"Darling Darling" 2021

On this page
Read the wall text
Listen to the wall text
Wall text
Gabriella Hirst
Born 1990, New South Wales. Lives and works in Berlin, Germany, and London, England. Pronouns: she/her.
"Darling Darling" 2021
two-channel HD video, colour, sound, gilded SD card, 24:55 minutes
Darling Darling was commissioned by the Ian Potter Cultural Trust (IPCT) under the Ian Potter Moving Image Commission for exhibition by the Australian Centre for Moving Image (ACMI).

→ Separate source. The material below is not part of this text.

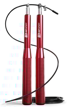 Hliníkové švihadlo s ložiskami HS-A020JR - červené - jednoduché a efektívne zariadenie, ktoré vám pomôže redukovať telesný tuk, vytvarovať svalstvo a zlepšiť vašu celkovú kondíciu. Inovatívny dizajn s použitím dvojitého ložiskového systému a kovového lanka vám umožňuje robiť viac skokov počas jednej otáčky lanka. Ďalšou výhodou tohto modelu je možnosť rýchleho prispôsobenia dĺžky lanka, vďaka čomu ho môžete ľahko prispôsobiť svojim aktuálnym potrebám. Vďaka svojej malej veľkosti a prijateľnej cene je HS-A020JR ideálne pre domácu posilňovňu.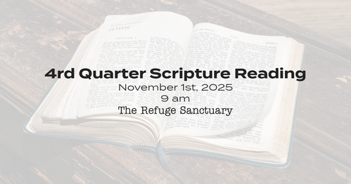 Please join us on Saturday, November 1, 2025 at 9 am as we continue reading through the gospels aloud together in the sanctuary.

In Darling Darling, Gabriella Hirst thinks with riverine spaces in relation to acts of care and the privileging of Western cultural material over natural ecological systems. This film depicts contrasting scenes on two screens, with sound leaking across both sides. On the first screen, we encounter the drought-stricken Baaka/Darling River filmed cinematically under the close guidance of Elder Uncle Badger Bates on Barkindji Country. The river is nearly empty due to unsustainable settler-colonial water-management practices upstream, related to cotton farming irrigation and other thirsty introduced crops. As one of Australia’s most critical water sources, the Murray Darling has a subterranean basin that spans present-day Queensland, New South Wales, Australian Capital Territory, Victoria, and South Australia.
On the second screen, an art museum conservator fastidiously repairs a nineteenth century oil painting of the same river from the Art Gallery of New South Wales collection, W. C. Piguenit's The Flood in the Darling (1890), painted in the German Romantic tradition. Positioned adjacent to UQ Art Museum’s collection study room, where conservation work also occurs, and to the Maiwar/Brisbane River, Darling Darling underscores hierarchies of care in relation the privileging of culture and the denigration of nature.
Environmental historian Jason W. Moore uses the term ‘cheap nature’ to describe these relations. He argues that when nature is not endowed with an economic value, it is freely available to be extracted, instrumentalised, and exploited to the point of depletion, resulting our current climate predicament, which he terms the ‘Capitalocene’.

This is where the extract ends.